This page describes operational actions involving the MediaWiki JobQueue infrastructure at WMF, such as runbooks for responding to JobQueue-related alerts.

Alerts

JobQueueLowTrafficConsumerWidespreadHighLatency

This alert and runbook are brand new. If anything is unclear, please seek assistance and flag in task T378609.

This alert detects when the majority of active job types processed by changeprop-jobqueue’s shared "low-traffic" consumer have been experiencing unusually high processing delays for sustained period.

Investigation

The most likely trigger is a large influx of jobs for one specific job type, which is starving other job types processed by the shared consumer for throughput (i.e., a job that is no longer “low traffic”).

Start by opening the JobQueue Low Traffic Jobs dashboard link that accompanied the alert. Look for a large increase in processing rate for a single job’s associated rule (the trigger) that correlates with increased processing delay across many other rules. You may also see a large increase in backlog for one or more topics, including that associated with the trigger job.

If there's no obvious "high traffic" trigger, another possibility is a modest influx of an unusually slow-processing job, that is starving other job types on the shared consumer (concurrency is limited). For that, instead look for an outlier rule (job) with an unusually high processing duration.

If at this point there is no clear trigger job, STOP. Something more subtle is likely happening, and attempting to follow the response guidance below may be more disruptive than helpful.

Response

Responding to this scenario is a three-step process, in which we move processing of the trigger job out of the shared low-traffic consumer (mitigation) and onto its own dedicated consumer / processing rule (resolution).

Mitigation

First, prepare a patch to add the trigger job to the high_traffic_jobs_config in helmfile.d/services/changeprop-jobqueue/values.yaml in the deployment-charts repo with enabled: false.
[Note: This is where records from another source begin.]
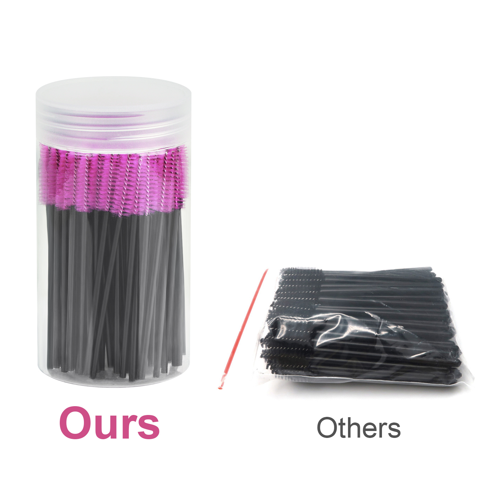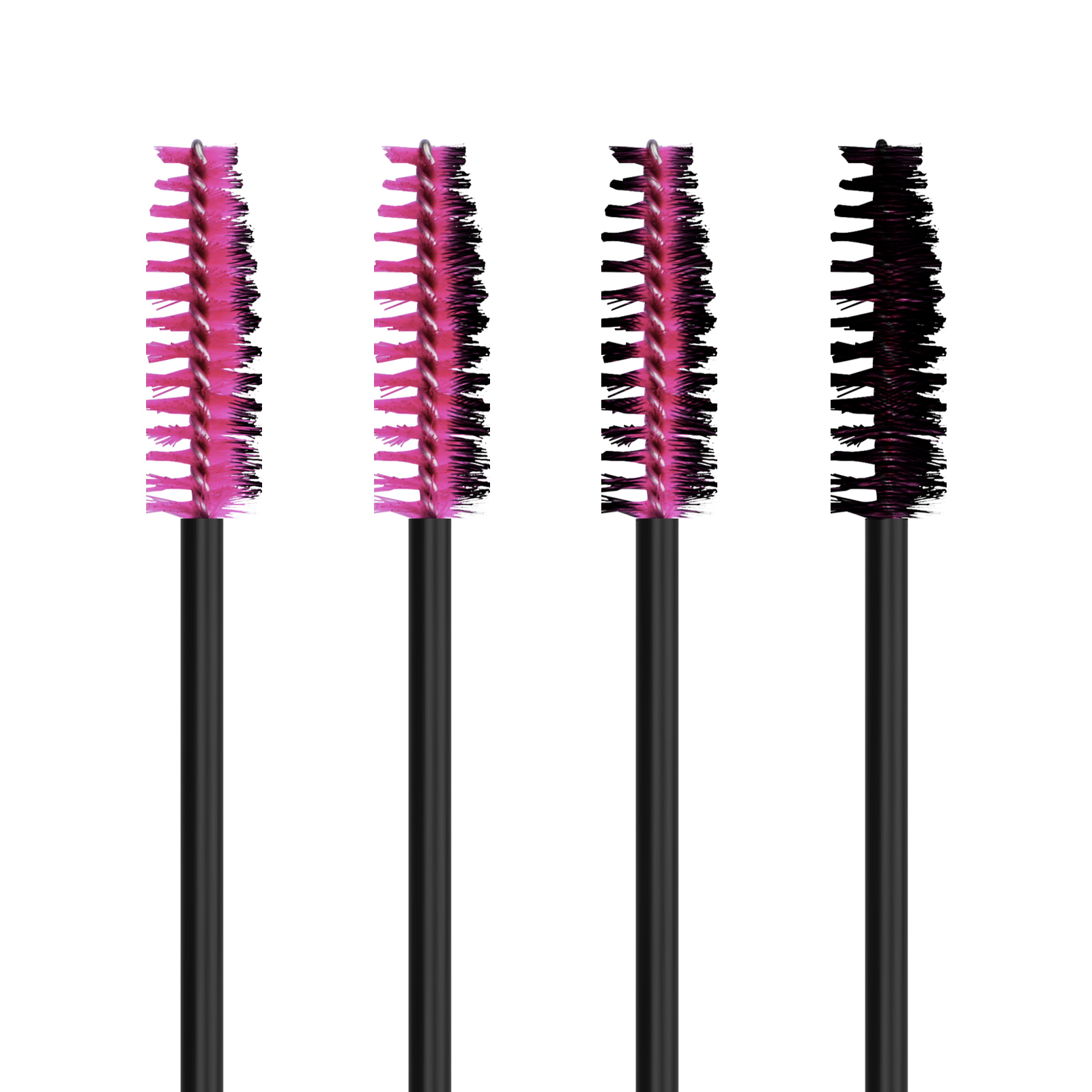 Great assortment. Come with 100pcs mascara wands, enough to use for different purpose. All the bristles are not black, so you can see they're dirty and when to throw away. Also help to see how much mascara is on the spoolie.
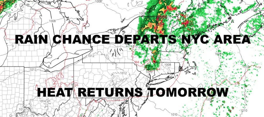 Good morning everyone. We have a few scattered thunderstorms departing the Forks of Long Island as we speak, and we have a little bit of weak energy leftover from our west that is about to push through. With the sun working the atmosphere now, we could see a few popcorn showers and storms over the next few hours before we begin to clear out and dry up. We’re talking drying up rain-wise, not humidity-wise, because that humidity and heat is going to come roaring back.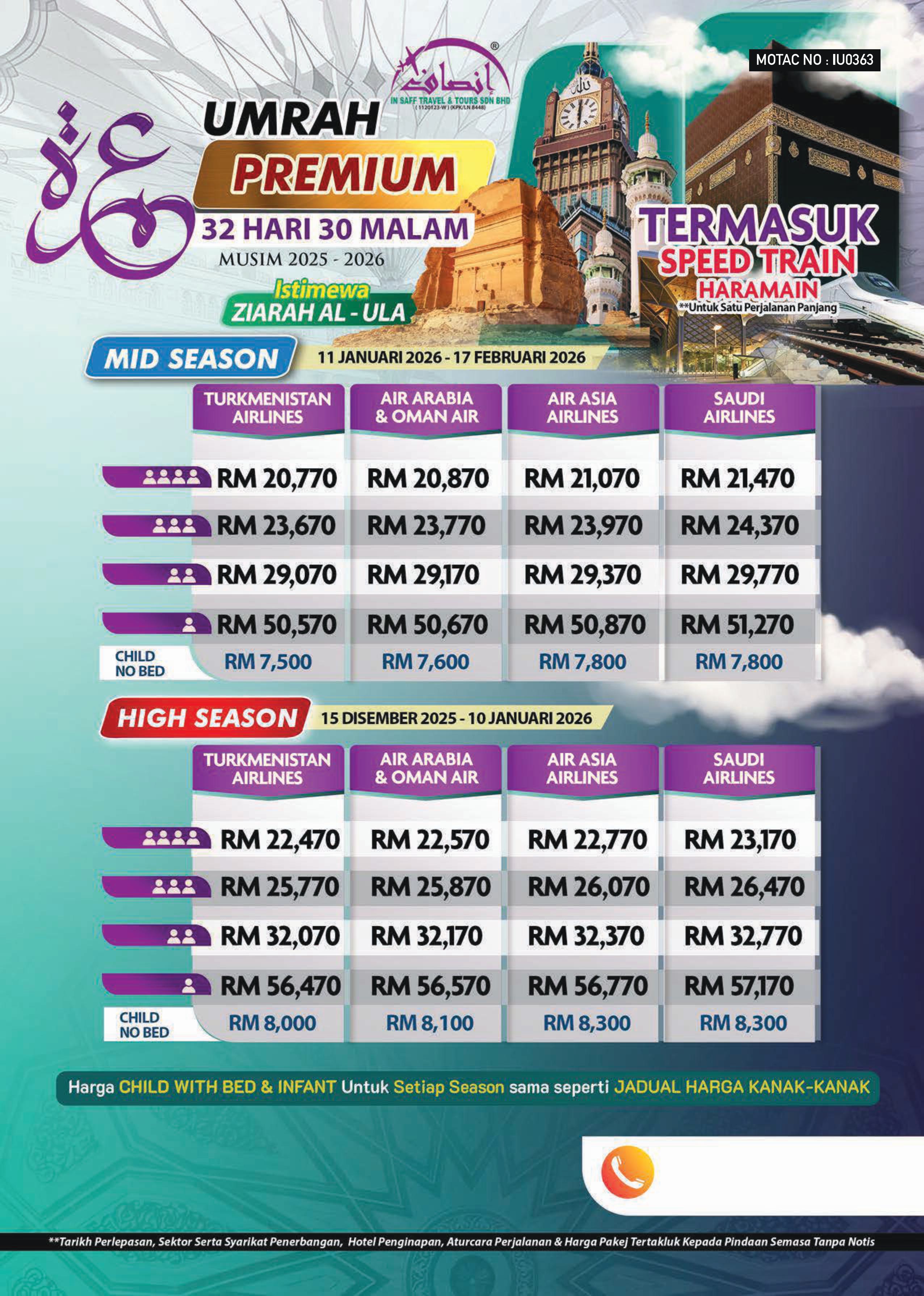 Lengkapkan ibadah anda dengan Pakej Umrah 32 Hari 30 Malam Super Eko, bermula dari hanya RM7,970. Dengan penginapan selesa di Makkah (19 malam), Madinah (10 malam), dan Taif (1 malam), pakej ini turut menawarkan pengalaman istimewa seperti ziarah ke Al Ula dan lokasi perang Badar, menjadikan perjalanan anda lebih bermakna.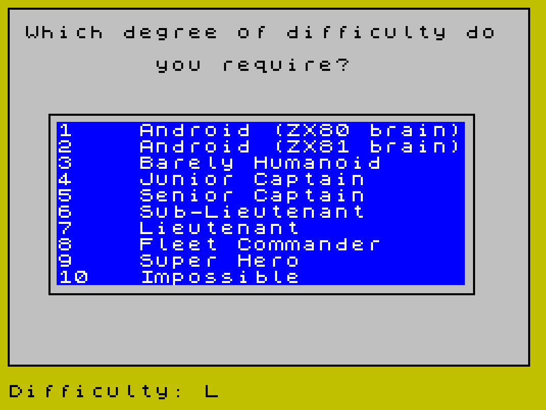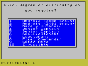 9244 CLS : PRINT AT 1,0;" Which degree of difficulty do"''" you require?": GO SUB 7900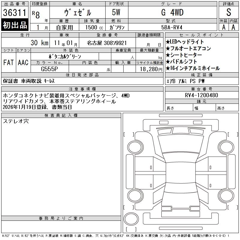 HONDA VEZEL 2026 г., лот № 36311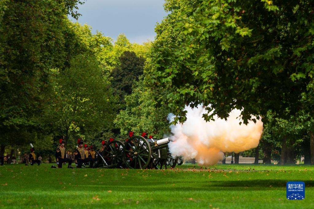 9月9日,士兵在英国伦敦海德公园鸣放礼炮悼念已故女王伊丽莎白二世。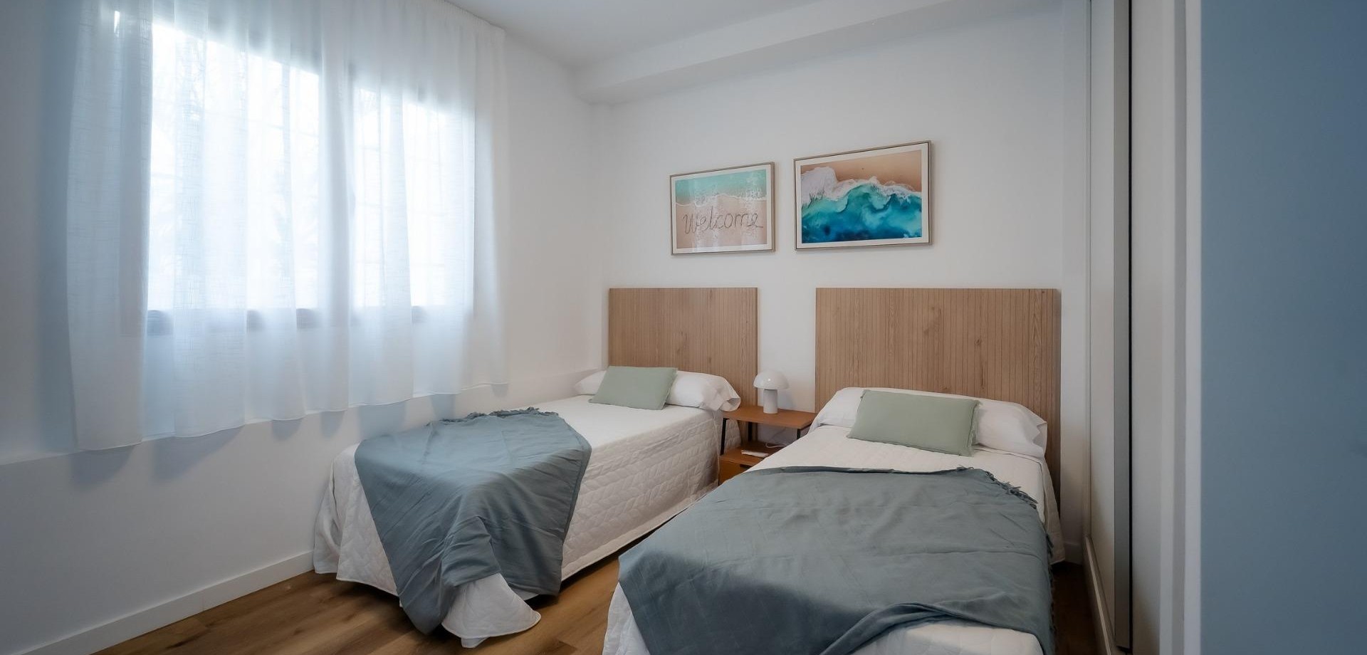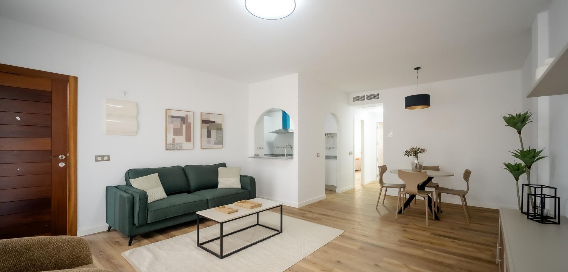 Jede Wohnung ist mit einer voll ausgestatteten Küche einschließlich Geräten, Vorinstallation für eine Klimaanlage und modernen Badezimmermöbeln mit Spiegeln ausgestattet. Die Außenverkleidung mit Holzoptik und Doppelverglasung bietet eine hervorragende Isolierung und eine warme, zeitgemäße Ästhetik. Der Stauraumbedarf wird durch einen privaten Abstellraum und einen Parkplatz im Untergeschoss gedeckt.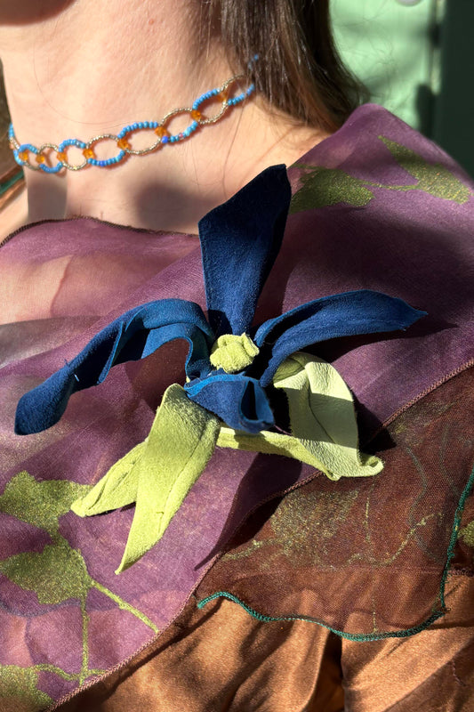 Magnetic Floral Brooch | Orchid | Leather | Blue & Green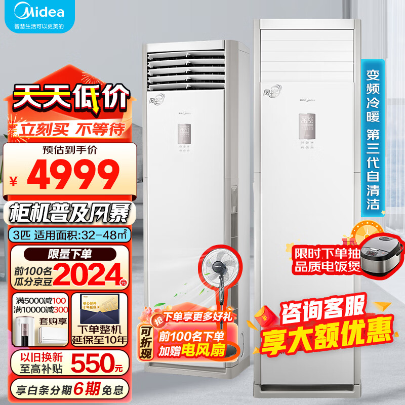 美的(Midea)空调柜机 风客 变频冷暖方形柜机大风量设计落地式立式客厅 3匹KFR-72LW/N8MFB3价格:4999.00元!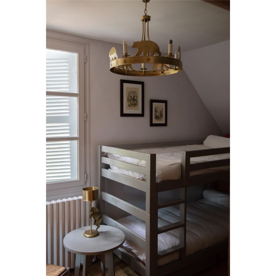 The Ours collection is signed mountain! Chandelier or wall sconce version, it will come to warm the interiors of snowy spaces. Choosing a brushed brass finish could give it a pep boost, almost contemporary! This chandelier is delivered with chain and canopy.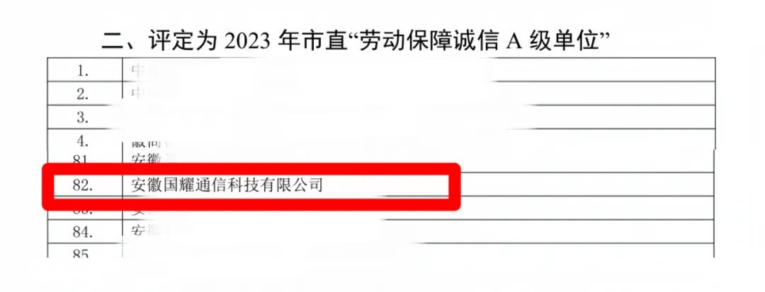 近日,六安市人力資源和社會(huì)保障局公布了用人單位勞動(dòng)保障誠(chéng)信守法等級(jí)評(píng)定結(jié)果,授予安徽國(guó)耀通信科技有限公司2023 年市直“勞動(dòng)保障誠(chéng)信 A 級(jí)單位”榮譽(yù)稱(chēng)號(hào)。

For example, if TriggerJob is the name of the job you identified (associated with rule low-traffic-jobs-mediawiki-job-TriggerJob and topic $DC.mediawiki.job.TriggerJob):

    high_traffic_jobs_config:
      [ ... ]
+     TriggerJob:
+       enabled: false
+       concurrency: 10  # Arbitrary initial concurrency.

Merge this change and deploy it (Kubernetes/Deployments).

Once this is deployed, processing delay time should start to drop for other jobs (rules) on the low-traffic consumer. If this is the case, the incident is now mitigated, but not yet resolved, since processing is now paused for the trigger job.

Resolution

FIXME: This procedure ignores retry topics.

Resolution involves two steps.

First, prepare the new dedicated consumer to pick up from where the low-traffic consumer left off.

In practice, this step is likely only required in the alerting site (which should in general be the current primary DC). However, it's best to perform this same procedure in both core DC sites in sequence.

Start by fetching the current offset of the trigger job's topic on the cpjobqueue-low_traffic_jobs consumer. From any kafka-main broker host in the site you're operating on:

kafka-consumer-groups --bootstrap-server localhost:9092 --group cpjobqueue-low_traffic_jobs --describe

For the topic associated with a low-traffic job type, we should only ever see a single partition (0). Take note of its CURRENT-OFFSET, which we will use to initialize the offset of the new dedicated consumer group. We can test this out by running the following:

kafka-consumer-groups --bootstrap-server localhost:9092 --group cpjobqueue-$TRIGGER --topic $DC.mediawiki.job.$TRIGGER --reset-offsets --to-offset $OFFSET --dry-run

where $TRIGGER is the trigger job you identified (i.e., TriggerJob in our example above), $OFFSET is the CURRENT-OFFSET on the old consumer group, and $DC is site you're currently operating on.

Then, if there are no issues reported (e.g., we got the topic name wrong) run that again with --execute instead of --dry-run. You can then confirm the offset was initialized with:

kafka-consumer-groups --bootstrap-server localhost:9092 --group cpjobqueue-$TRIGGER --describe

Second, prepare a second patch to set enabled: true in the high_traffic_jobs_config on the dedicated consumer / rule you configured previously, merge, and deploy. Continuing the example from above:

      TriggerJob:
-       enabled: false
+       enabled: true
        concurrency: 10

At this point, you should see processing begin on the new dedicated consumer / rule begin processing, which you can confirm via the JobQueue Job dashboard by selecting the trigger job.